You are viewing a plain text version of this content. The canonical link for it is here.
Posted to dev@lucene.apache.org by "Bjørn Hjelle (JIRA)" <ji...@apache.org> on 2016/03/15 16:40:33 UTC

[jira] [Commented] (LUCENE-7016) Solr/Lucene 5.4.1: FastVectorHighlighter still fails with StringIndexOutOfBoundsException

    [ https://issues.apache.org/jira/browse/LUCENE-7016?page=com.atlassian.jira.plugin.system.issuetabpanels:comment-tabpanel&focusedCommentId=15195502#comment-15195502 ] 
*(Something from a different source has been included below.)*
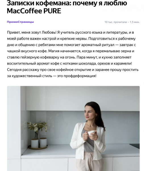 Для статьи о личном опыте использовали историю учительницы русского языка, которая любит кофе и ощущение бодрости. По совету подруги она приобрела зерна MacCoffee Pure, попробовала, вкус ей очень понравился. В тексте подсветили все основные УТП: рассказали о ценовых предложениях и особенностях обжарки, разнице между блендами — Arabica Crema и Espresso Forte, а также как заваривать напиток на завтрак. Эта статья по итогам привлекала больше всего трафика на маркетплейс.

Bjørn Hjelle commented on LUCENE-7016:
--------------------------------------

Unfortunately I have come across another example where this error occurs, with the StandardTokenizerFactory this time. Steps to reproduce with Solr 5.5.0: 

Download and start Solr 5.5.0, create a core:
-------------------------------------------------------------
$ wget http://apache.uib.no/lucene/solr/5.5.0/solr-5.5.0.tgz
$ tar xvf solr-5.5.0.tgz
$ cd solr-5.5.0
$ bin/solr start -f 
$ bin/solr create_core -c test -d server/solr/configsets/basic_configs
(in a second terminal window)


Add a fieldtype and a dynamic field:
--------------------------------------------------
$ curl -X POST -H 'Content-type:application/json' --data-binary '{
  "add-field-type":{
     "name":"text_ngram",
     "class":"solr.TextField",
     "indexAnalyzer":{
        "tokenizer":{
           "class":"solr.StandardTokenizerFactory" },
        "filters":[
             {"class":"solr.LowerCaseFilterFactory"},
             {"class":"solr.NGramFilterFactory",
              "minGramSize":"1", "maxGramSize":"20", "luceneMatchVersion":"4.3"}]},
     "queryAnalyzer":{
        "tokenizer":{ 
           "class":"solr.StandardTokenizerFactory" },
        "filters":[
             {"class":"solr.LowerCaseFilterFactory"}]}}
}' http://localhost:8983/solr/test/schema

$ curl -X POST -H 'Content-type:application/json' --data-binary '{
  "add-dynamic-field":{
     "name":"*_ngram",
     "type":"text_ngram",
     "stored":true, "indexed":true, "termVectors":true, "termPositions":true, "termOffsets":true }
}' http://localhost:8983/solr/test/schema

      
Index this document, post a commit: 
-----------------------------------

$ curl http://localhost:8983/solr/test/update/json -H 'Content-type:application/json' -d '[{"id" : "1", "name_ngram" : "arne.berg"}]'

$ curl "http://localhost:8983/solr/test/update?commit=true"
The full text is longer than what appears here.